This summer I took a long holiday to Europe. The purpose of the holiday was a little research into the life of Ludwig II, King of Bavaria, the subject of my present work-in-progress. (At least that’s what I tell myself. Otherwise, it would just be an exercise in self-indulgence, wouldn’t it?) We started off in England visiting family and old friends, and then flew to Munich. Our first excursion was to Nymphenburg Castle where Ludwig was born and the second was to the Residenz, the principal city palace of the kings of Bavaria.
Along the way, we also saw the famous Glockenspiel, took a long walk through the English Garden and visited the Hofbrauhaus for some Bavarian beer and oom-pah-pah music.
Then we drove a short distance south to Lake Starnberg and visited the place where Ludwig met his tragic end. A simple cross stands in the water there, erected by his mother. She also built the memorial chapel that overlooks the spot.
Now came the highlight of our visit. Farther south was Schwangau. From this typically quiet and picturesque Bavarian village, we could see both Hohenschwangau and Neuschwanstein on their mountain perches. Hohenschwangau means High Country of the Swan – how romantic is that? It was built by Ludwig’s father, but it was important to me because Ludwig spent much of his boyhood there. It was where he learned to love the old German sagas, which are depicted on the walls and became such an important influence in his life, as well as such elements as swans, peacocks and water, which are featured in all his palaces. He often lived there also while he was watching Neuschwanstein being built.

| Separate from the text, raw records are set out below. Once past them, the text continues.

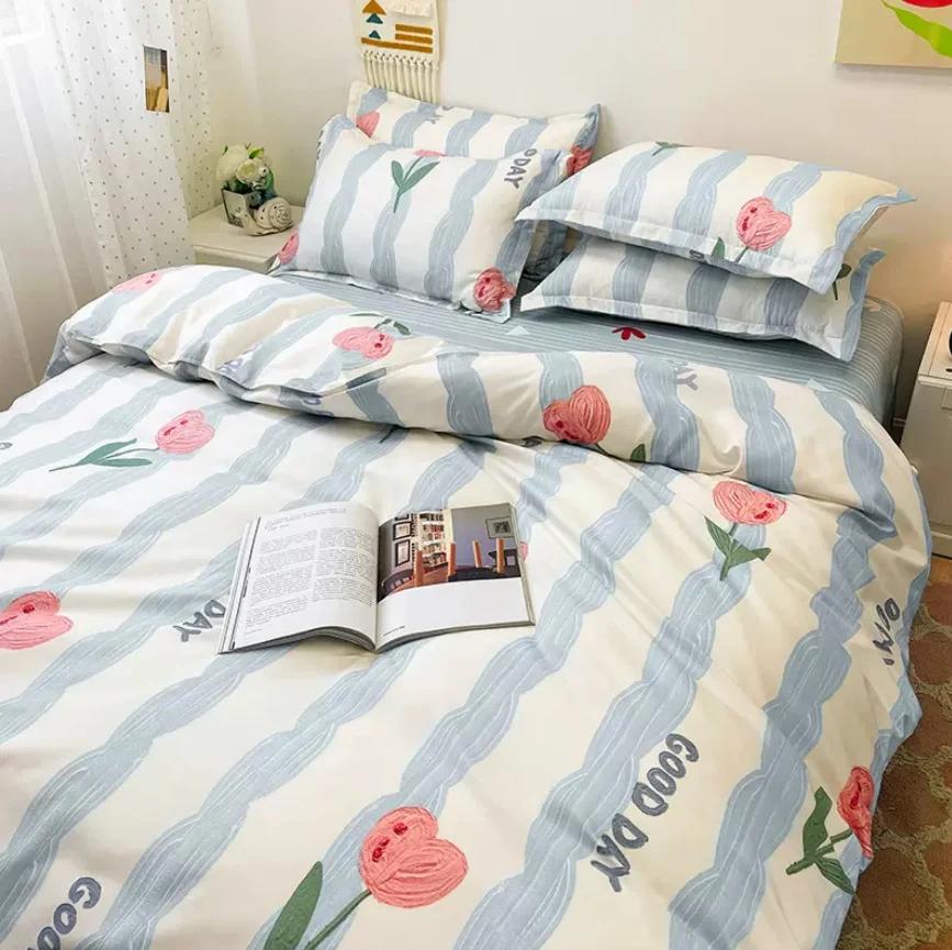Striped Flower Duvet Cover Set + Flat Sheet + 2pc Pillowcases Single Double Twin Queen King Size Bed Linen Bedding Textile B90F
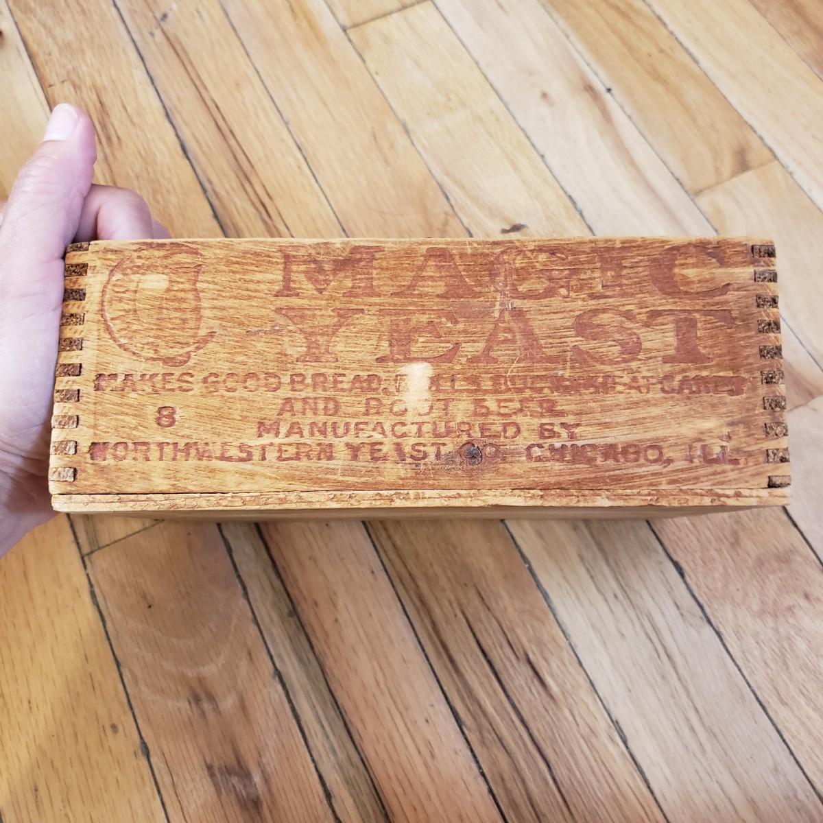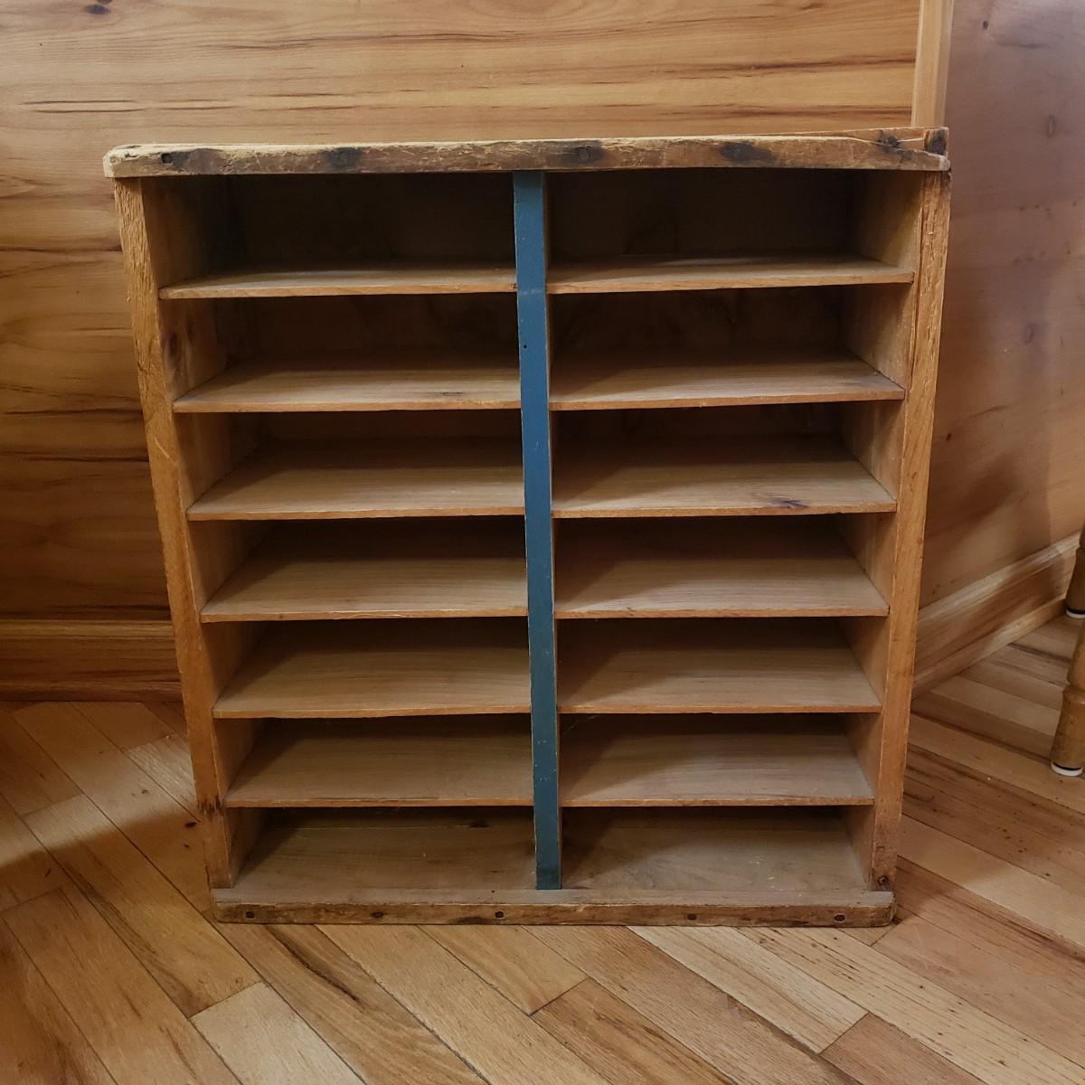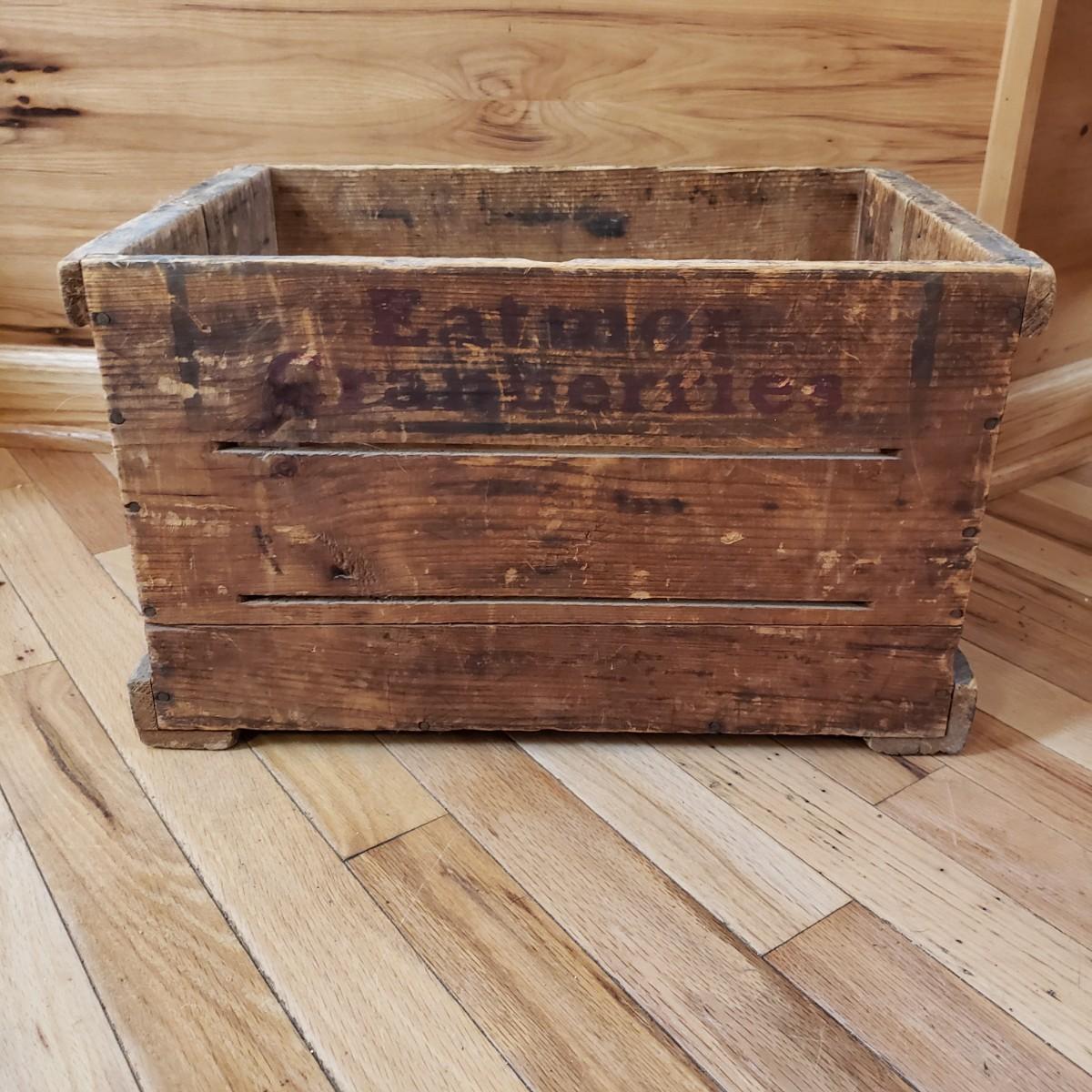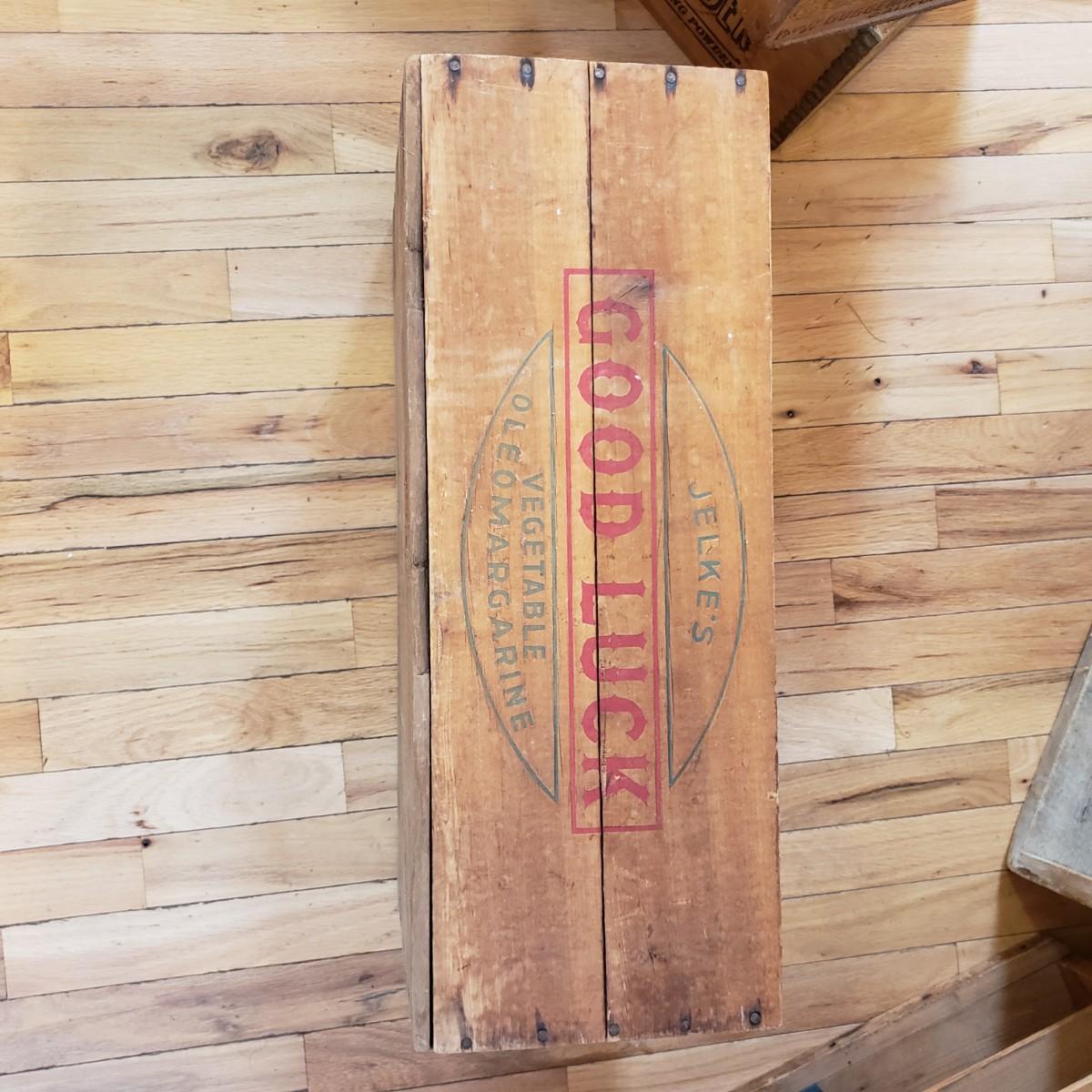 This lot features 13 wooden crates, most are stamped with their company name and product. The Table Talk crate with dividers/shelves measures 22" x 21" x 10" H. The Castoria crate is 14" x 15" x 7" H. See pictures for brands and products.
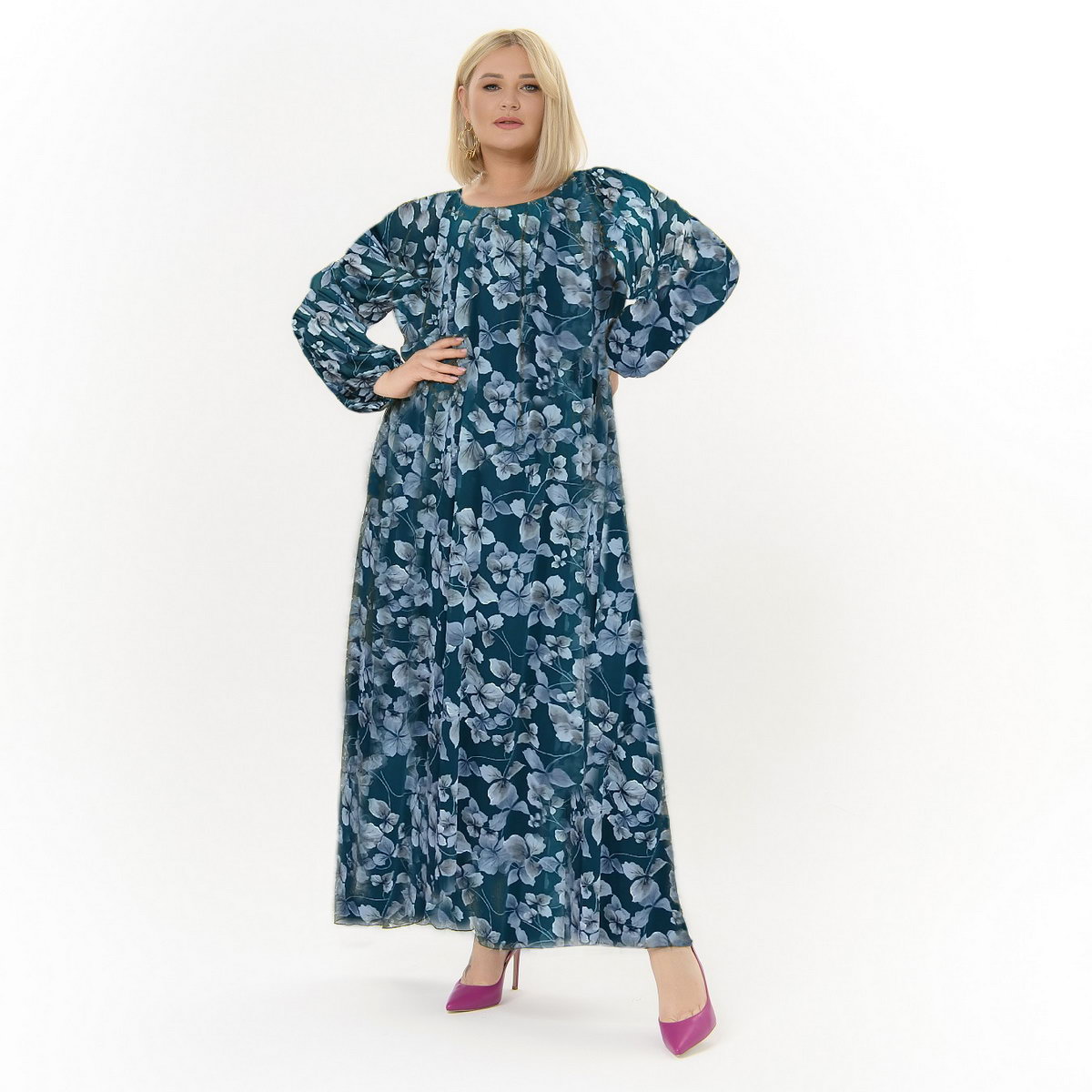 Длинное, вечернее, струящееся платье из тончайшего принтованого шифона.
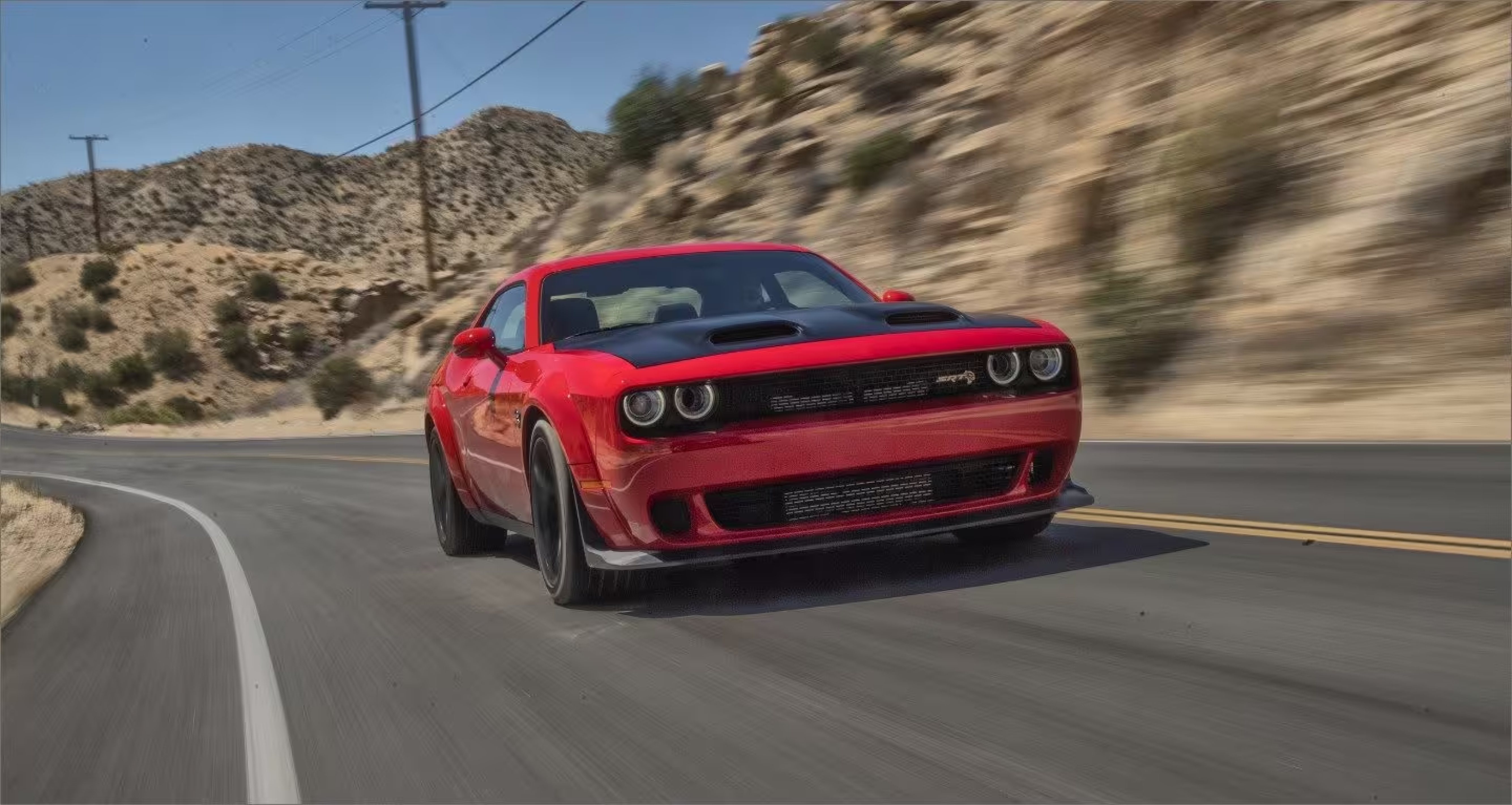 Dodge Challenger выглядит запоминающимся и мощным. Он имеет агрессивный взгляд глубоко утопленных фар и характерную поясную линию, поднимающуюся в районе задних колесных арок. Крыша авто низко посажена, корма оборудована широкими фонарями и двумя выходами выхлопной трубы.
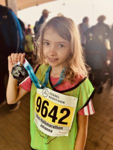 Wir sind um 15.45 Uhr in der Damaschkestraße losgelaufen. Das Ziel war im Auestadion. Wer ins Ziel gekommen ist, hat eine Medaille bekommen. Jedes Jahr ist auf dieser ein Märchen abgebildet. In diesem Jahr war es „der Froschkönig“.
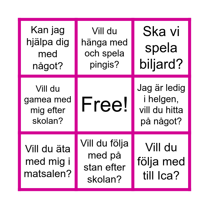 This bingo card has a free space and 8 words: Jag är ledig i helgen, vill du hitta på något?, Ska vi spela biljard?, Vill du hänga med och spela pingis?, Vill du äta med mig i matsalen?, Kan jag hjälpa dig med något?, Vill du följa med till Ica?, Vill du gamea med mig efter skolan? and Vill du följa med på stan efter skolan?.
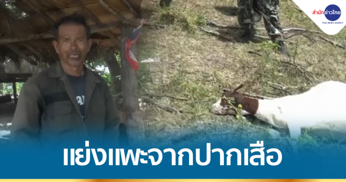 เจ้าของแพะใจเด็ดวิ่งเข้าแย่งแพะจากปากเสือแบบลืมตาย ก่อนที่เสือโคร่งป่าห้วยขาแข้งจะตกใจผละออกห่าง แต่วกโจมตีแพะตัวที่ 2 อีกครั้ง จนแพะท้องแก่ตายไป 1 ตัว
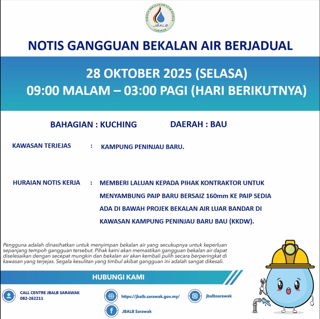 Scheduled Water Interruption Notice at Kuching (Bau) (28.10.2025)
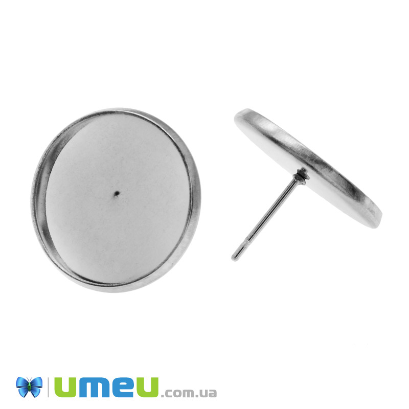 Пусети з нерж. сталі під кабошон 16 мм, 18х13 мм, Темне срібло (STL-048994) / 1 уп (2 шт)
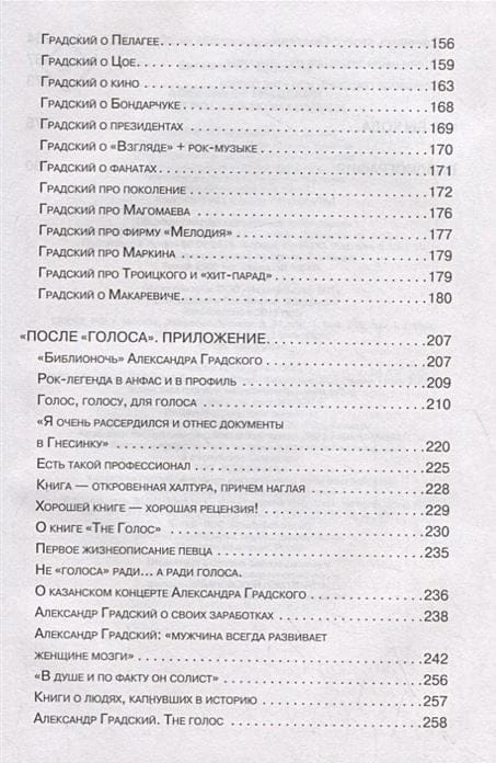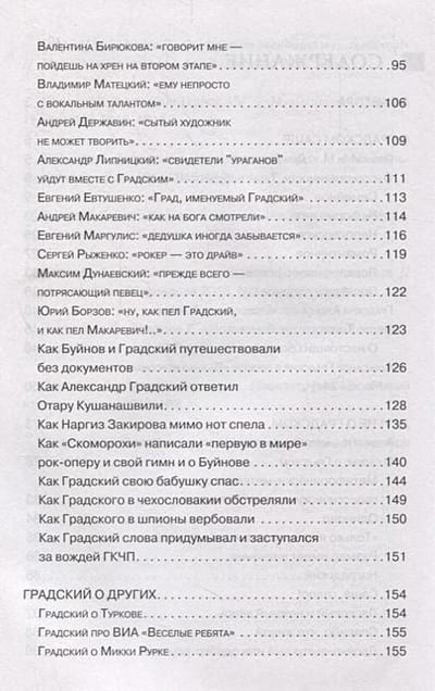 Выход книги приурочен к юбилею Александра Градского. Масштабы «‎родителя русского рок-н-ролла»‎ трудно переоценить, о чем бы ни шла речь: наставник, композитор, личность. Подтверждение тому можно найти в беседах и интервью, собранных в этом издании. Андрей Макаревич, Евгений Евтушенко, Александр Буйнов, Евгений Маргулис и другие, не менее известные нам персонажи, поведают о случаях, пересечениях, курьезах, о нем. А Градский, в свою очередь, о других, с присущей ему искрометностью.

After a rather stiff climb, we made it to Neuschwanstein, the castle that has captured the public imagination as no other. I will not attempt to describe it, except to say that it was like Ludwig himself: imaginative, brilliant, unexpected, eccentric, but gloomy and, even with hundreds of tourists tramping through, imbued with an aura of mystery and tragedy.
The country round about is equally compelling. In one direction it has a broad view of the plain, another overlooks two emerald green lakes, the Alpsee and the Schwansee, on which swans still sail in all their aloof majesty. Another view is of a steep drop to the Pollat River and gorge, with the mountains in the background. Ludwig loved the mountains.
We went on then to other places not associated with Ludwig, including Venice and Sorrento in Italy, but the most magical part for me was the time we spent in Schwangau.